Leitis in Waiting challenges attitudes - Wansolwara: University of the South Pacific

By CHRIS HA’ARABE - Wansolwara - Sept. 5, 2018:

The award-winning documentary, Leitis in Waiting, has come to Fiji with strong messages that challenge attitudes and behaviours towards the transgender minority community.

During a press briefing at The University of the South Pacific’s Oceania Centre in Suva yesterday, lead protagonist in the film, Joey Mataele, said there were a lot of untold stories that needed to be shared.

“In this film, I want to tell my story. I want to tell the world what we, transgender individuals, have been facing in the past,” said Mataele, who hails from Tonga.

“Respect is one of the main problems I’ve encountered in my own society. We should respect each other, respect our dignity and treat each other like human beings.”

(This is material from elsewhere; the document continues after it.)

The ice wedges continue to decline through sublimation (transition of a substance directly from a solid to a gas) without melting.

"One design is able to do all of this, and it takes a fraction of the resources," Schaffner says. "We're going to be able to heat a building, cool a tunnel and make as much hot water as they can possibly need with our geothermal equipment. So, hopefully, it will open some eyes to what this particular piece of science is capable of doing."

The film, which is supported by the Pacific Community’s Pacific Equality Project, is the centerpiece of a campaign that uses and challenges attitudes that stigmatise, threaten and in many countries, criminalise LGBTQI (lesbian, gay, bisexual, transgender, queer and intersex) lives.

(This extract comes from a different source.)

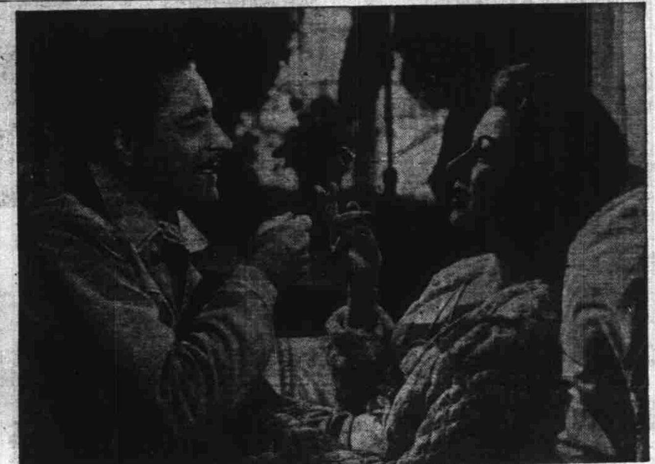
To link two hearts—That is the small loving gift that penniless Smithy (Ronald Colman) gives to his wife, Paula (Greer Garson), after their baby is born in "Random Harvest." Their co-starring film is adapted from James Hilton's best-selling novel, which starts today at the Capitol theatre.
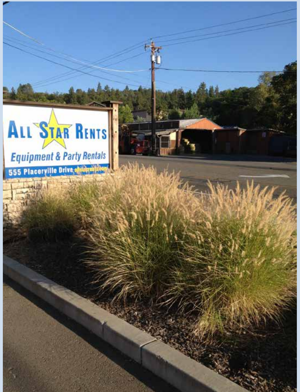
All Star Rents on Placerville Drive, Placerville

The project’s assistant co-ordinator, Benjamin Patel, said the film was about sharing the views and concerns of the LGBTQI community.

“It’s about sharing our views as a minority group so that people will see and understand who we really are,” Patel said.

The film’s producer and director, Dean Hamer, said through visual arts and video making, the world would be able to see what actually happens in the South Pacific kingdom of Tonga.

“Looking at these strategic types of cultures, many people in the Pacific will think that this kind of culture or practice is not from the Pacific,” Hamer said.